Centre for Market Education chief executive officer Carmelo Ferlito said the country needs to diversify its ability to export both in terms of products and markets.
“If Malaysia’s exports keep shifting from manufactured goods to petroleum products, then we should seriously look into the matter.
“However, a good signal came from the expansion of exports to Singapore and Indonesia, while the relationship with China is shifting towards China being an exporter versus Malaysia,” he told StarBiz.
Malaysia University of Science and Technology economics professor Geoffrey Williams is hopeful that Malaysia’s total trade performance will improve in the second quarter of this year.
“The main positive export growth was in the US market and actually, that has been against quite slow growth overall (in the United States).
“So, for the second quarter, we hope to see some better results.”
However, Williams emphasised that it is the country’s balance of trade and positive surplus that needs to be focused on.
“There is nothing to be done to promote trade in the short term because this is dependent on demand in export markets, which is out of our control.
“The biggest factors remain the opening and recovery of China, the geopolitical uncertainties and whether the tentative growth in major markets push growth in Asean, which will benefit Malaysia.”
Malaysia’s total trade in March declined 1.6% year-on-year (y-o-y) to RM232.72bil amid a contraction in both exports and imports with major trading partners.
Exports for the month amounted to RM129.71bil, down 1.4% from the same month in 2022, while imports declined 1.8% to RM103.01bil.
However, Malaysia’s trade surplus in March widened to RM26.69bil, its highest on record for the month.
Compared to February 2023, trade, exports, imports and trade surplus recorded double-digit growth of 13.5%, 15.5%, 11.1% and 36.4%, respectively.
For the first quarter of 2023, trade grew 3.2% to RM644.87bil as compared with the same quarter in 2022.
Exports over the three-month period grew 2.8% to RM354.63bil while imports expanded 3.7% to RM290.24bil.
Trade surplus edged down by 1% to RM64.39bil. Trade, exports and imports registered the highest value for the period.

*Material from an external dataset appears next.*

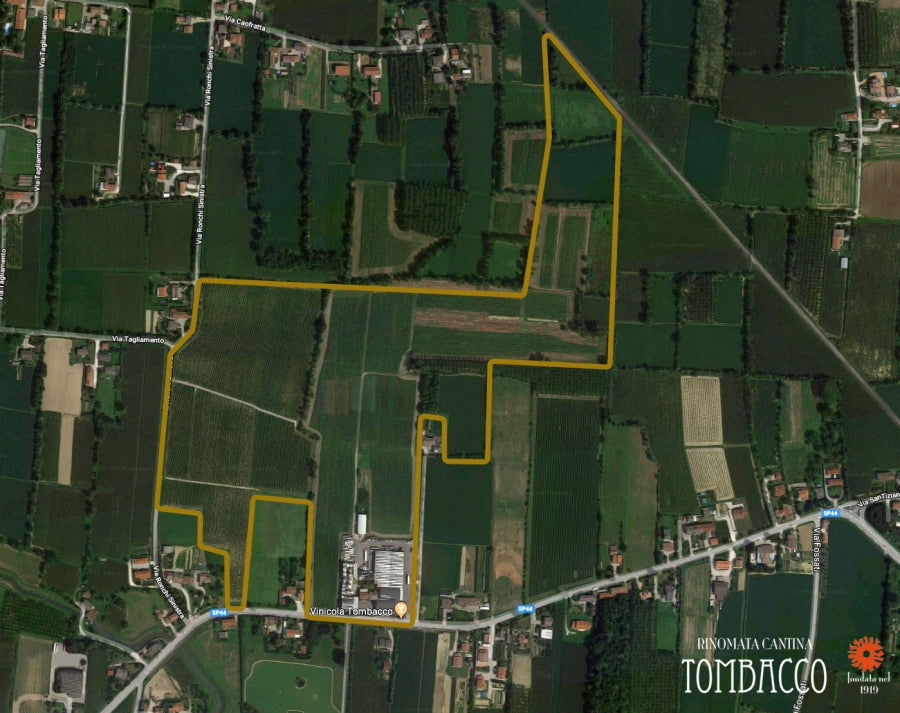 Tombacco家族的酒莊位於 Veneto 大區的中心:Trebaseleghe 葡萄園,20公頃,土壤為粉質土,氣候濕潤。出產的葡萄酒口感圓潤,酸度較低。龍卡德葡萄園,40公頃,土壤為黏土,肥沃且富含礦物質。非常適合釀造酒體飽滿、風味濃鬱的葡萄酒。帕埃塞葡萄園,20公頃,土壤為石土,有助於提高葡萄酒的酒精度。

Malaysia registered a 3% contraction in trade value with its largest trading partner, China, as exports shrank 6.2% to RM16.68bil as a result of lower exports of electrical and electronics (E&E) products.
However, the United States recorded a 5.2% increase in total trade with Malaysia, underpinned by 7.5% export growth to RM14.59bil on higher shipments of E&E products.

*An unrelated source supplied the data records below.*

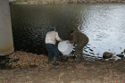 Zuerst wurde der Transportbehälter mit Fischen befüllt, um damit den Besatz im Axtbach durchzuführen. Zeitgleich kamen einige Bottiche mit Fischen in die Ems und der Rest wurde mit dem LKW an verschiedene Stellen unserer Vereinsgewässer gefahren.
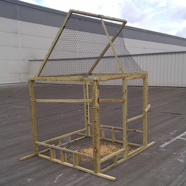 - This pigeon trap is sited on a roof and is shown with the lift-up roof up.
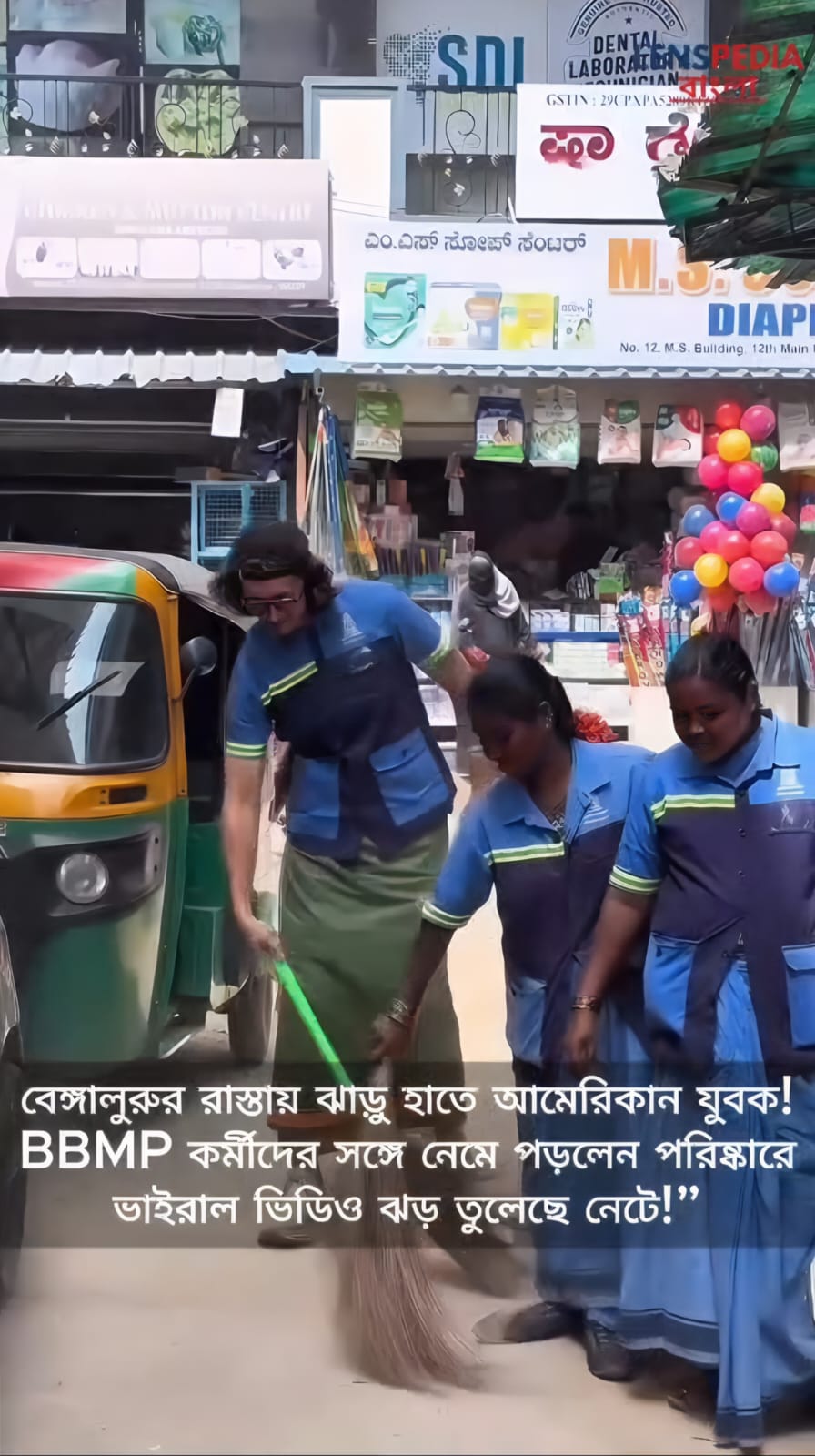 বেঙ্গালুরুর রাস্তায় ঝাড়ু হাতে আমেরিকান যুবক! ?? BBMP কর্মীদের সঙ্গে নেমে পড়লেন পরিষ্কারে — ভাইরাল ভিডিও ঝড় তুলেছে নেটে!”

Major Asean markets that received more shipments of Malaysian goods included Singapore, which recorded 3.1% growth to RM20.74bil, and Indonesia, which registered an increase of 17.9% to RM4.88bil.
There was a decline across Malaysia’s exports by sector in March.
Manufactured goods, which made up 84% of the total exports, decreased 0.4% y-o-y to RM108.96bil due to lower exports of E&E products, rubber products and wood products.
The decline was partially offset by higher exports of petroleum products, optical and scientific equipment as well as machinery, equipment and parts.
The export of mining goods and agriculture goods decreased 3.5% and 10.8% on a y-o-y basis to RM10.4bil and RM9.43bil, respectively.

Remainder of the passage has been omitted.